Todos estos puntos a que me he referido a la ligera son consecuencias del uso
de la fuerza como instrumento de poder en el tratamiento de los problemas
políticos. Una apreciación inteligente de los sucesos de Santo Domingo hubiera
evitado los males que ha producido y producirá el uso de la fuerza que se
desplegó en el caso dominicano. Para la sensibilidad de los pueblos de la
América Latina, para su experiencia como víctimas tradicionales de gobiernos de
fuerza, todo empleo excesivo e injusto de la fuerza provoca sentimientos de
repulsión. Desde el punto de vista de los latinoamericanos, los Estados Unidos
cometieron en Santo Domingo el peor error político de este siglo. El presidente
Johnson dijo que los infantes de marina de su país habían ido a Santo Domingo a
salvar vidas, pero lo que puede asegurar el que conozca la manera de sentir de
los latinoamericanos es que esos infantes de marina destruyeron en todo el
Continente la imagen democrática de los Estados Unidos. Es que parece estar en
la propia naturaleza de la fuerza destruir en vez de crear, y cuando se usa en
forma excesiva e inoportuna, la fuerza tiende a destruir a quien la usa.
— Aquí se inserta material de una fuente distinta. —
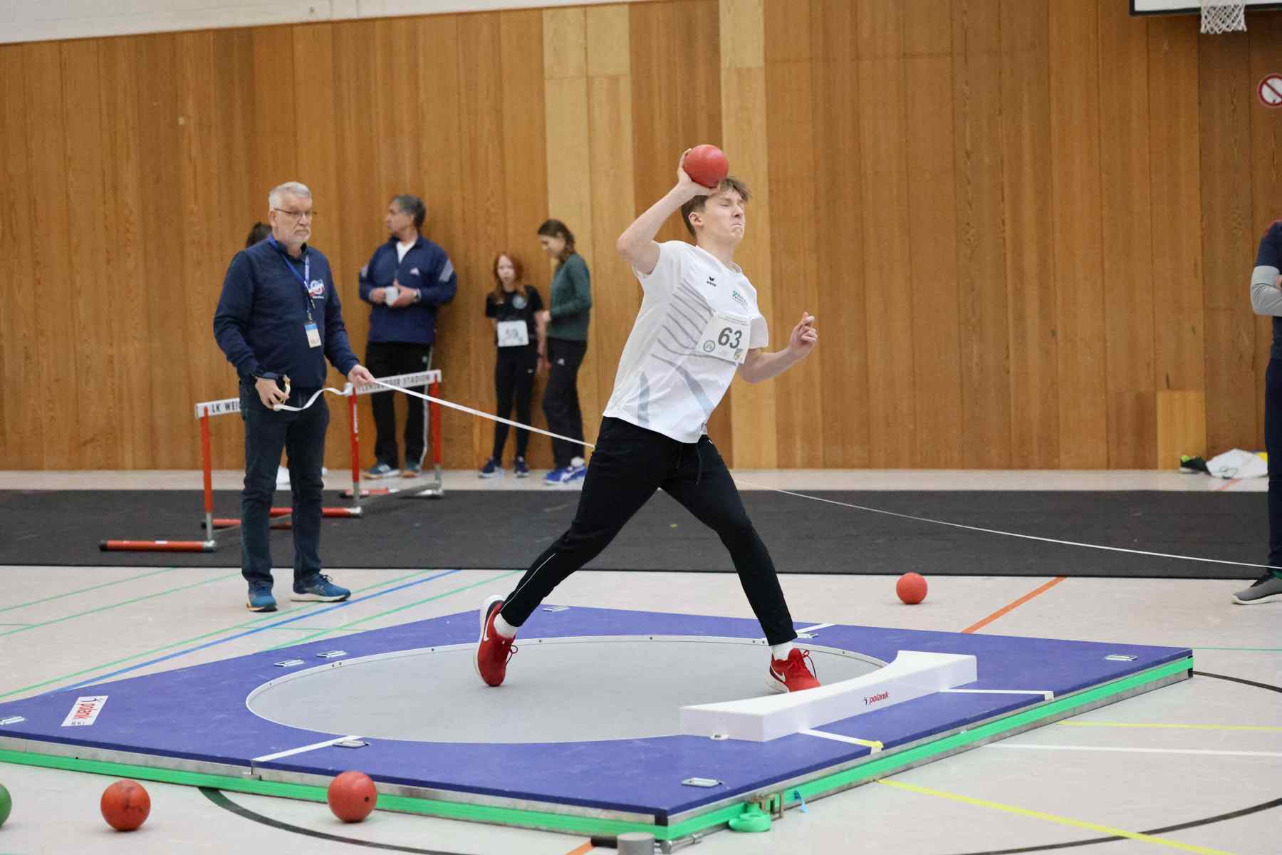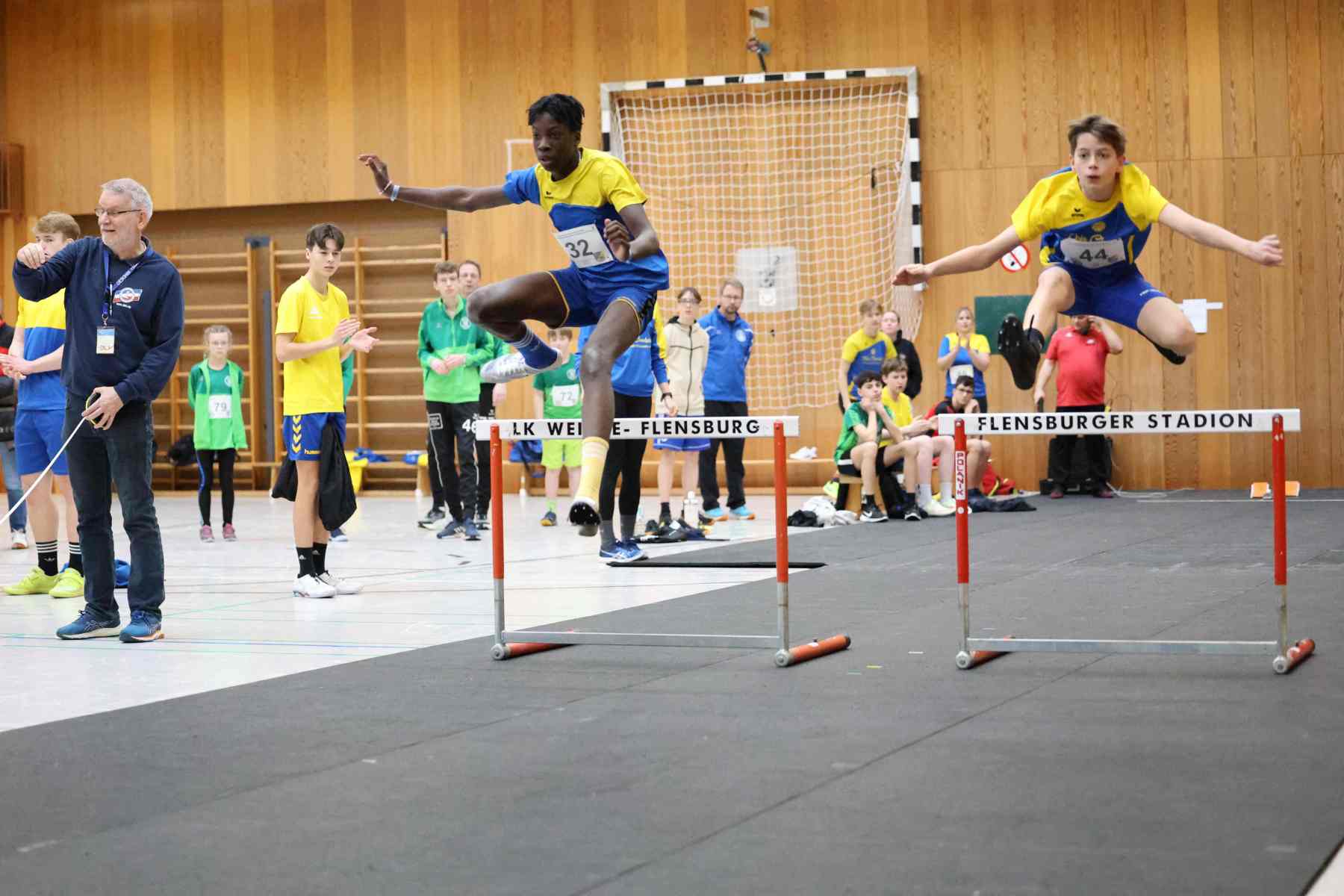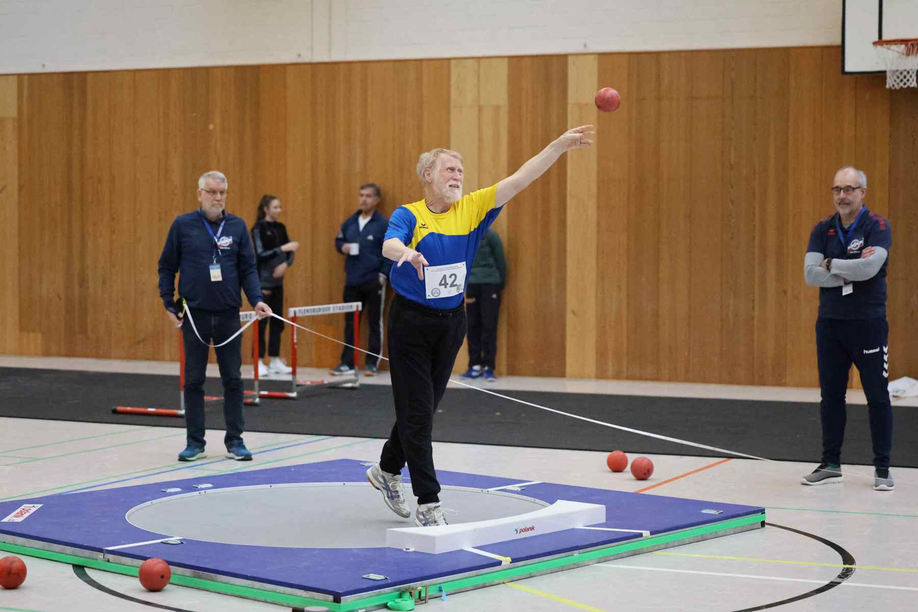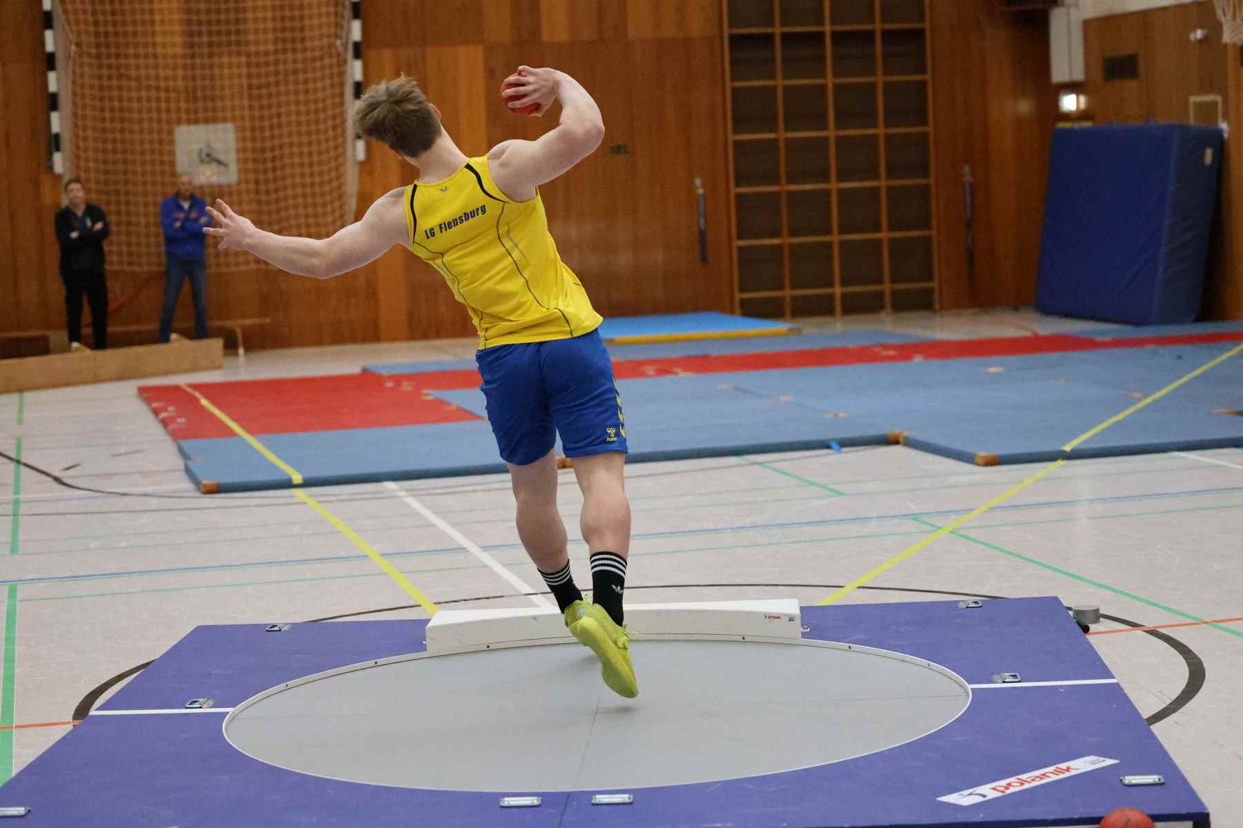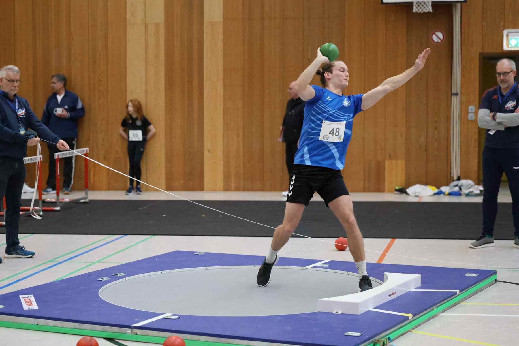 Im Kugelstoßen setze Jorge Reitz (LG Flensburg) mit 14,18m gleich in der ersten Disziplin ein Ausrufezeichen und gewann mit persönlicher Bestleistung und über 4 Metern Vorsprung vor dem Zweitplatzierten. Die schnellste Zeit des Tages lief Vincent Abild (M, TSV Fahrdorf) in 7,65sec über die 60m. Im Stabhochsprung übersprang Volke Lüttkopp (LG FL) mit 3,30m eine beachtliche Höhe, Marek Carstensen (U18) überquerte 2,90m, der im Hürdensprint mit guten 9,32sec ebenfalls siegte. In der Altersklasse W14 gewann Marie-Luise Wendel (TSV Glücksburg 09) gleich drei Disziplinen. Im Hürdensprint lief die 60m-Distanz in 10,126sec, gewann mit 7,93m das Kugelstoßen und lief über 60m in 8,61sec zum Sieg.
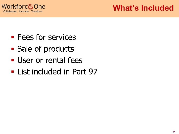 What’s Included § § Fees for services Sale of products User or rental fees List included in Part 97 14
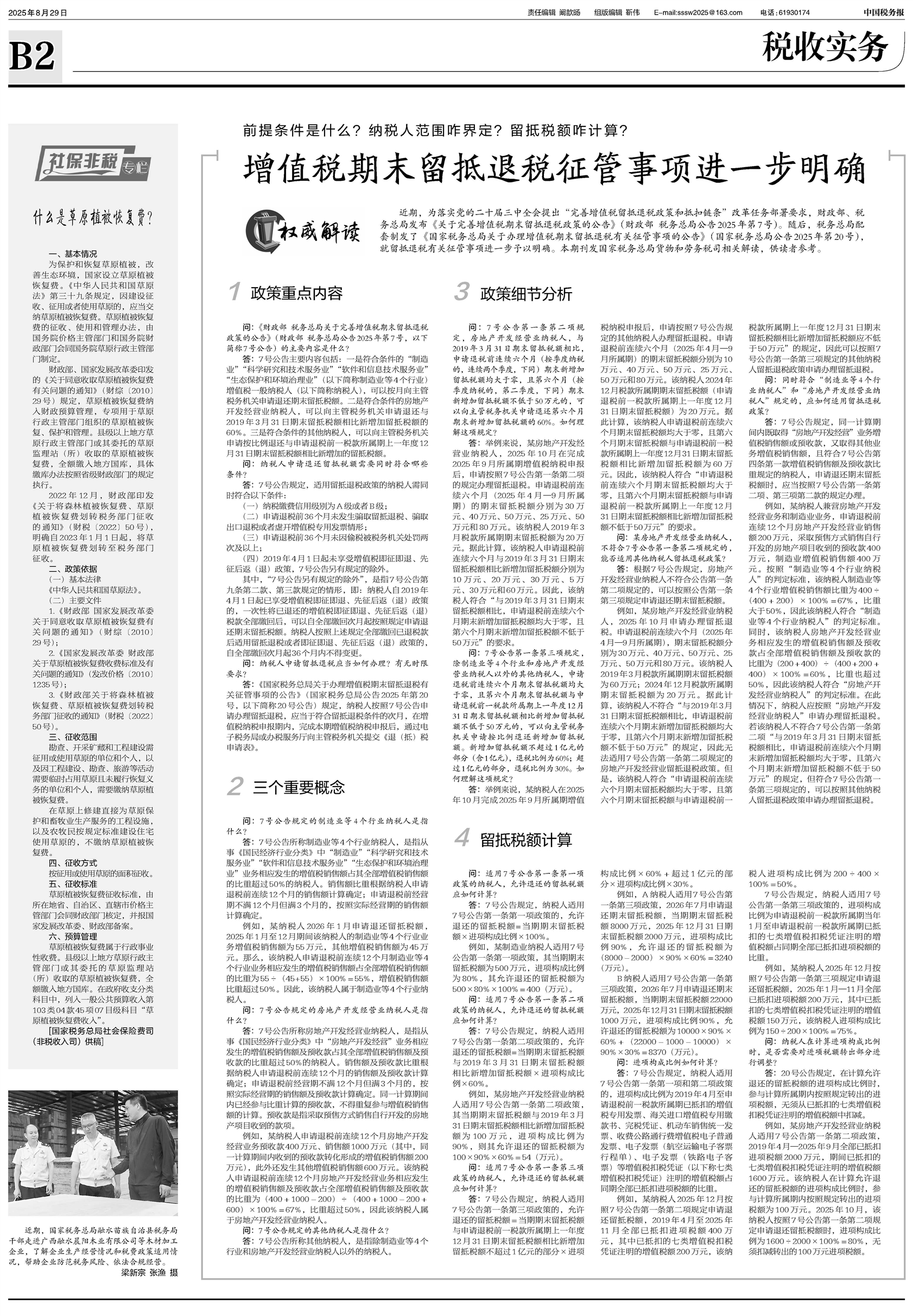 近期,为落实党的二十届三中全会提出“完善增值税留抵退税政策和抵扣链条”改革任务部署要求,财政部、税务总局发布《关于完善增值税期末留抵退税政策的公告》(财政部 税务总局公告2025年第7号)。随后,税务总局配套制发了《国家税
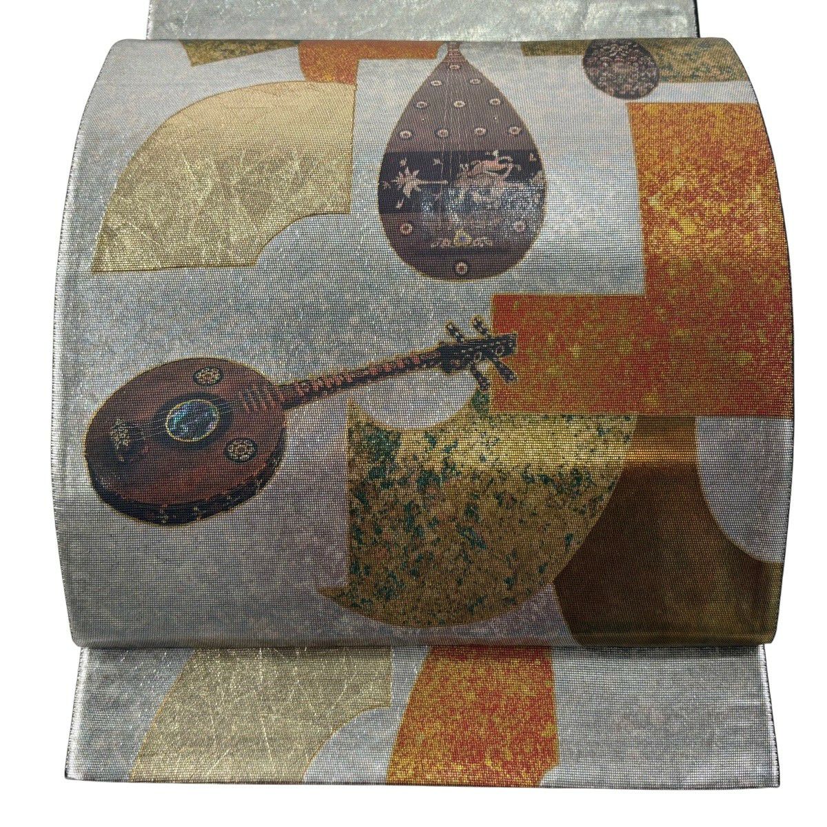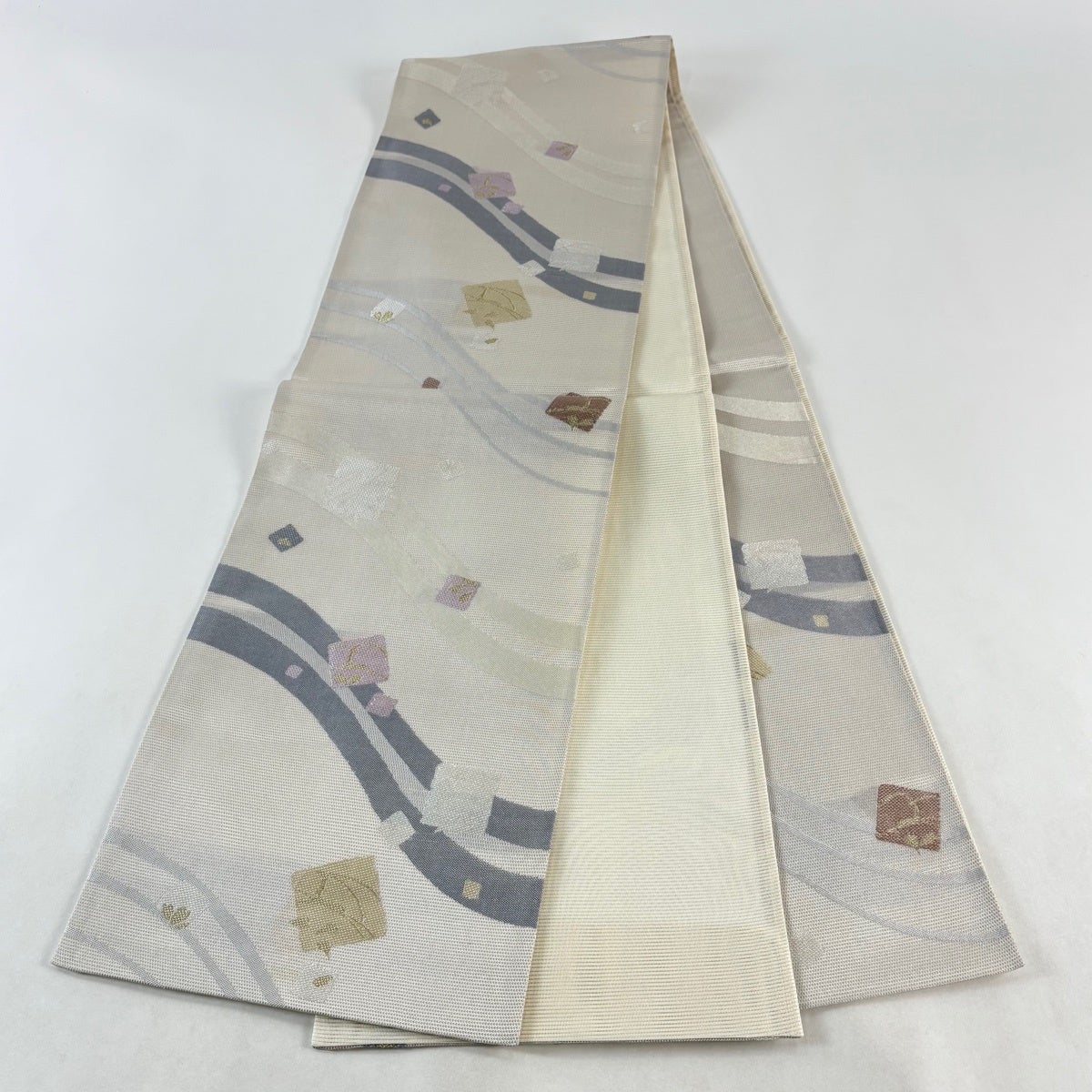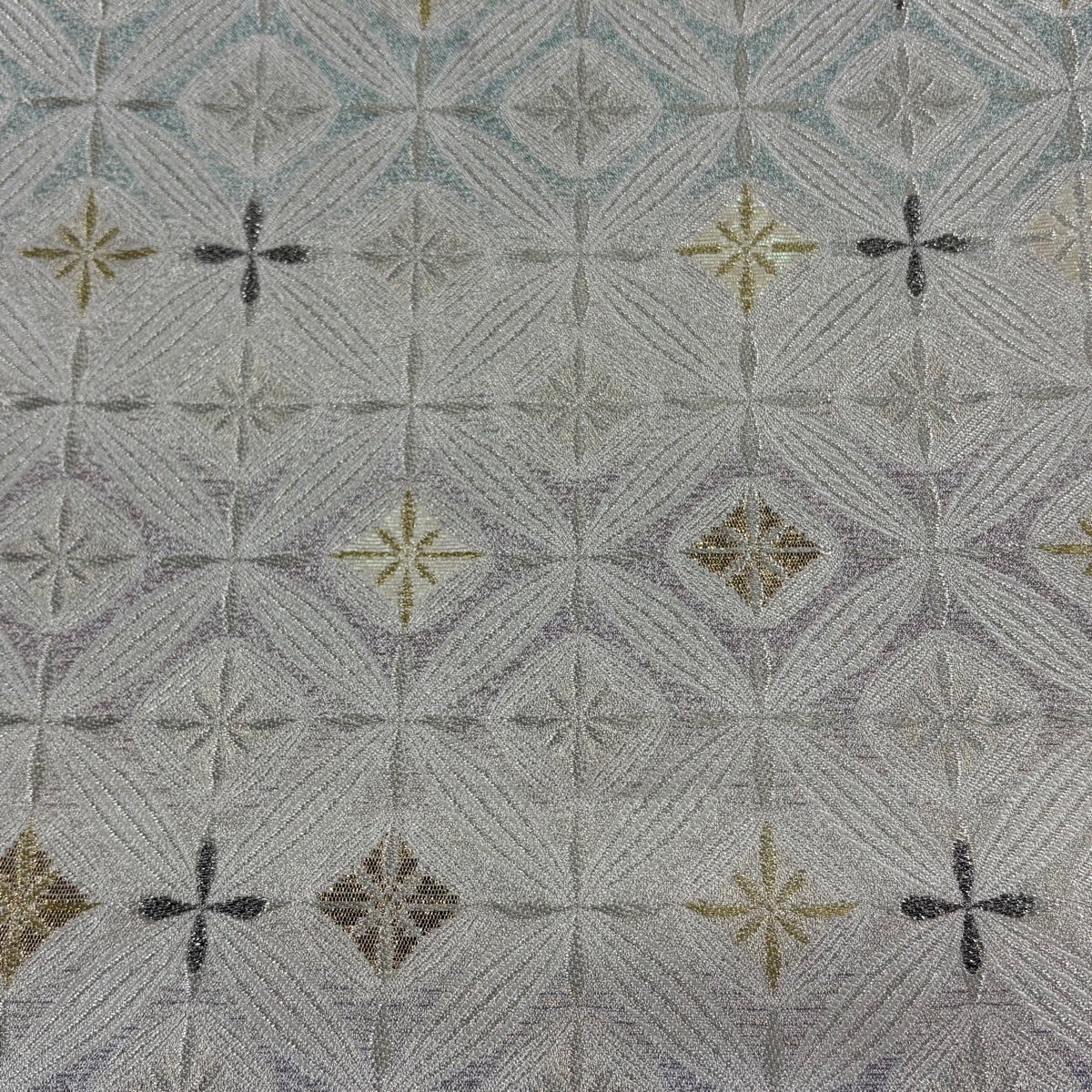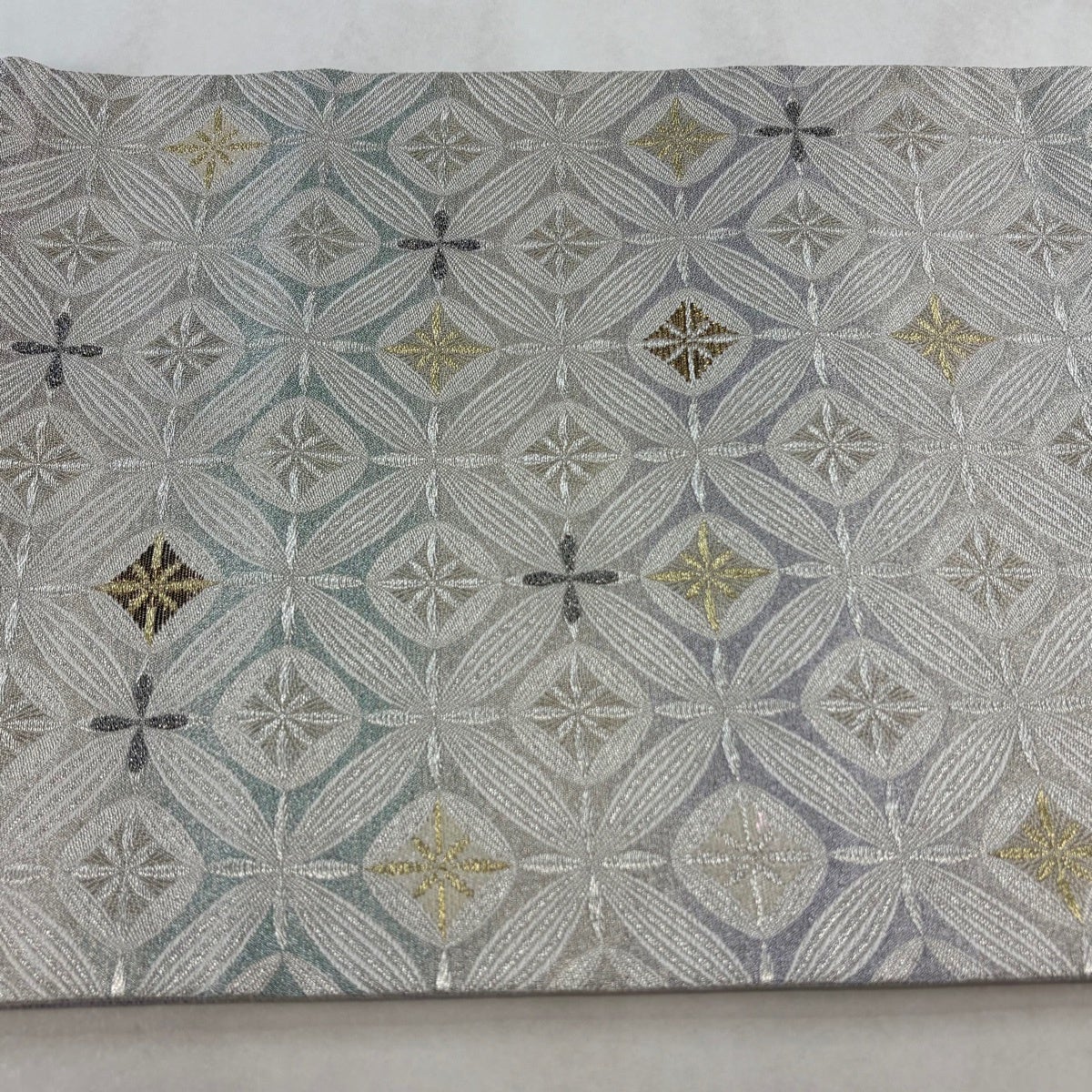 30%OFF 袋帯 秀品 桜 幾何学 金銀糸 箔 銀色 六通 正絹 K30

Una
revolución puede detenerse con la fuerza, pero sólo durante cierto tiempo. En
muchos sentidos, las revoluciones son terremotos históricos incontrolables,
sacudimientos profundos de las sociedades humanas que buscan su acomodo en la
base de su existencia. Y la Revolución Dominicana de abril de 1965 fue —y es—
una revolución auténtica. Por lo menos eso creen los que tienen razones para
conocer la historia, las fallas, las angustias y las esperanzas dominicanas, es
decir los dominicanos que las hemos estudiado y estamos vinculados al destino
de aquel pueblo por razones tan justas y tan honorables como puede estar
vinculado el mejor de los norteamericanos al destino de los Estados Unidos.